We currently have an input same_page parameter to __bio_try_merge_page
to prohibit merging in the same page.  The rationale for that is that
some callers need to account for every page added to a bio.  Instead of
letting these callers call twice into the merge code to account for the
new vs existing page cases, just turn the paramter into an output one that
returns if a merge in the same page occured and let them act accordingly.
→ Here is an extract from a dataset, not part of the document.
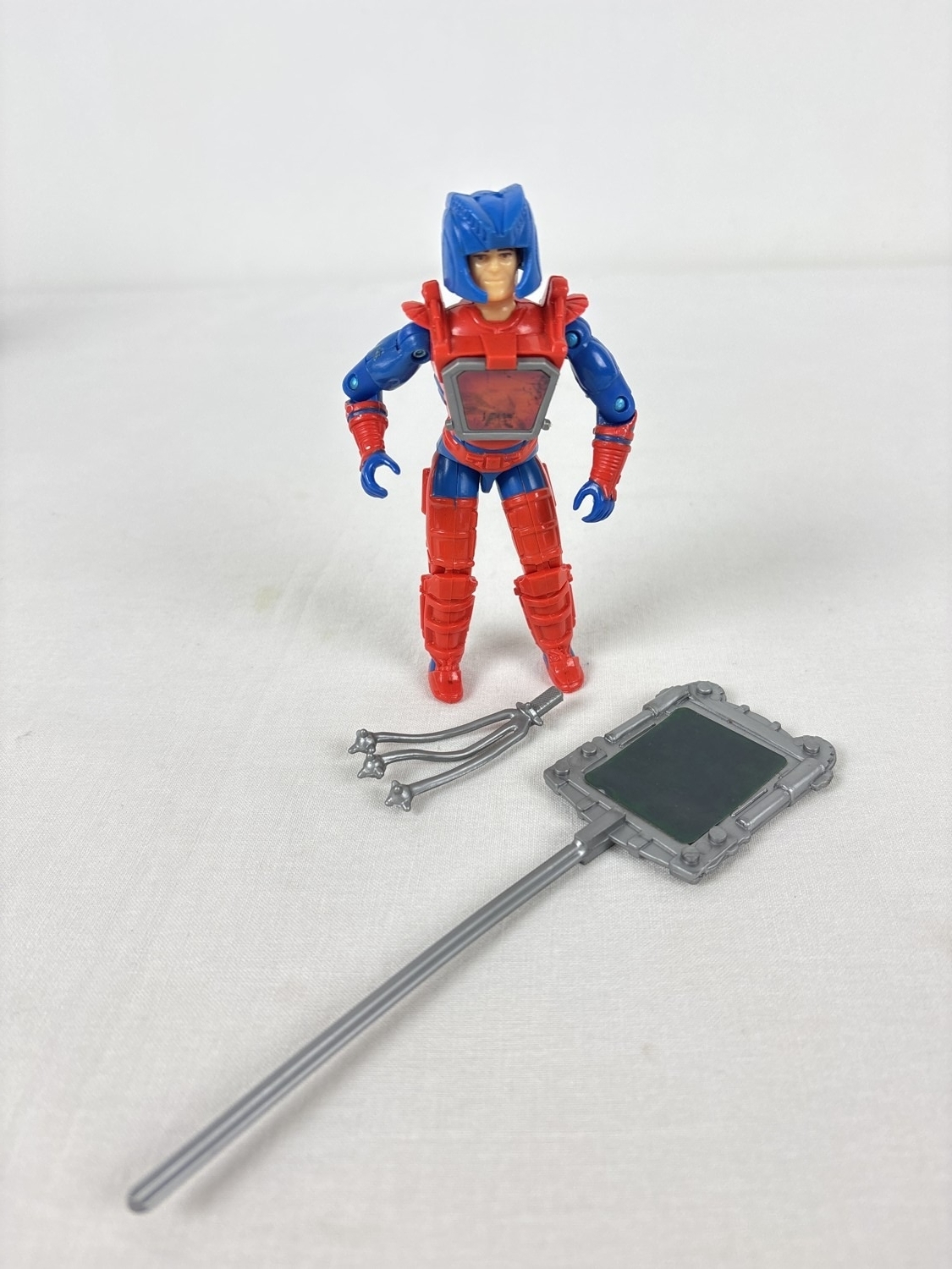 Visionaries: Knights of the Magical Light, vintage Spectral Knights action figure Cryotek from Hasbro, 1987. Complete with strengh Holographic Power Staff which manifests as silent archer, triple headed mace weapon and Helmet.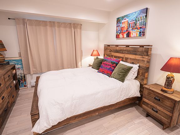 This is a newly refreshed 713 square foot loft one bedroom less than 300m from the Village--the Gondola to Canyon and Eagle Lodge, Shuttles to Tamarack Cross-Country Lodge, and the Red Lines that will take you directly to the Main Lodge and the Gondola to the top. The kitchen boasts custom quartz countertops, modern cabinetry and appliances and is fully equipped. The living rooms and bedrooms both have Roku TV, Sonos sound bars and Enterprise WiF covers the entire unit. The upstairs enclosed loft bedroom has a memory foam queen bed, as well as a second queen memory foam floor mattress that is perfect for young kids. Downstairs, the sleeper sofa contains a queen and a second twin mattress running perpendicular,, and we include down comforters, memory foam pillows, and high quality linens for four beds. You can comfortably sleep a family with little kids in the bedroom + bunk room, or a group of friends. You can put smaller guests in the bunk room to sleep four without invading the common area. Or use the two memory foam sleeper sofas in the living room. For 4 month ski lease, cost is $4000/mo and owner will continue to pay utilities and internet. For yearly lease, cost is $2600/mo and tenant to pay for utilities and internet.

Signed-off-by: Christoph Hellwig <hch@lst.de>
---
 block/bio.c         | 23 +++++++++--------------
 fs/iomap.c          | 12 ++++++++----
 fs/xfs/xfs_aops.c   | 11 ++++++++---
 include/linux/bio.h |  2 +-
 4 files changed, 26 insertions(+), 22 deletions(-)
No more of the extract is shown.